Open This Weekend Only, This Immersive Play about Baseball Walks Audiences Through Riders Field

Kitchen Dog Theater is putting on its latest offering, Safe at Home, inside the Frisco RoughRiders’ ballpark.
The cast of Kitchen Dog Theater's production of "Safe at Home," which is staged inside Riders Field. Jordan Fraker

After the Texas Rangers won the World Series last month, one of the plot points of Safe at Home no longer rang true. Set during Game 7 of the 2024 World Series, the play revolves around a face-off between the San Diego Padres and the Texas Rangers. Until this year, both teams were among the previously six—now five—Major League Baseball franchises that had never taken home a championship ring. As of November 1, the reality of that plot point might have changed, but the heart of the play, which Kitchen Dog Theater opens at Riders Field December 7, remains the same. 
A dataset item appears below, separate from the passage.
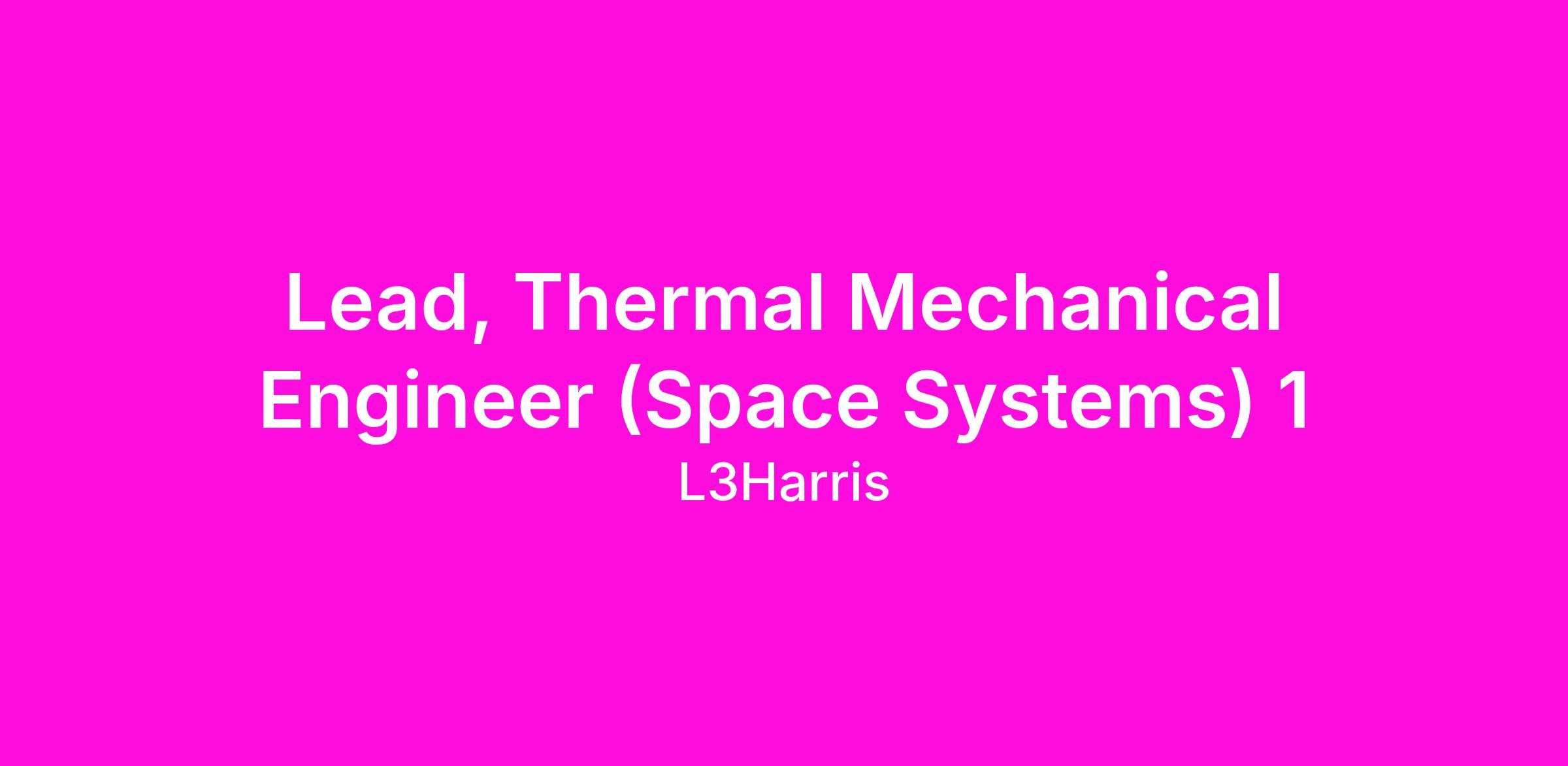 Job Title: Lead, Mechanical Engineering - Thermal Analyst

Yes, you read that right. This weekend, and this weekend only, the home of the Frisco RoughRiders becomes the stage for an immersive play about baseball. 
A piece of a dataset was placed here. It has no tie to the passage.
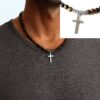 Ce Collier croix homme de haute qualité est fabriqué à la main, de façon artisanale et en série limitée. Chaque pièce faite sur mesure convient pour la majorité des statures. Longueur : 70 cm. Diamètre des pierres : 6 mm. Merci de préciser si vous préférez une autre longueur.
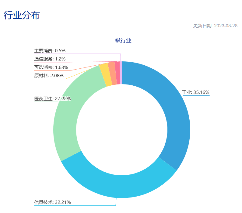 从行业分布来看,主要集中在信息技术、工业这两大一级行业,累计占比超过85%,医药卫生、原材料、可选消费和主要消费的累计占比未超过15%。

Artistic director Tina Parker knew the company’s 33rd season would pose a particular set of challenges. For five years, the group has been performing at the Trinity River Arts Center, but the lease on that black box theater was up. And while Kitchen Dog does own a new theater space just north of the Design District, it’s not ready yet. The company recently relaunched a capital campaign to raise funds, and managing director Tim Johnson says they hope to begin building renovations by the end of the year. 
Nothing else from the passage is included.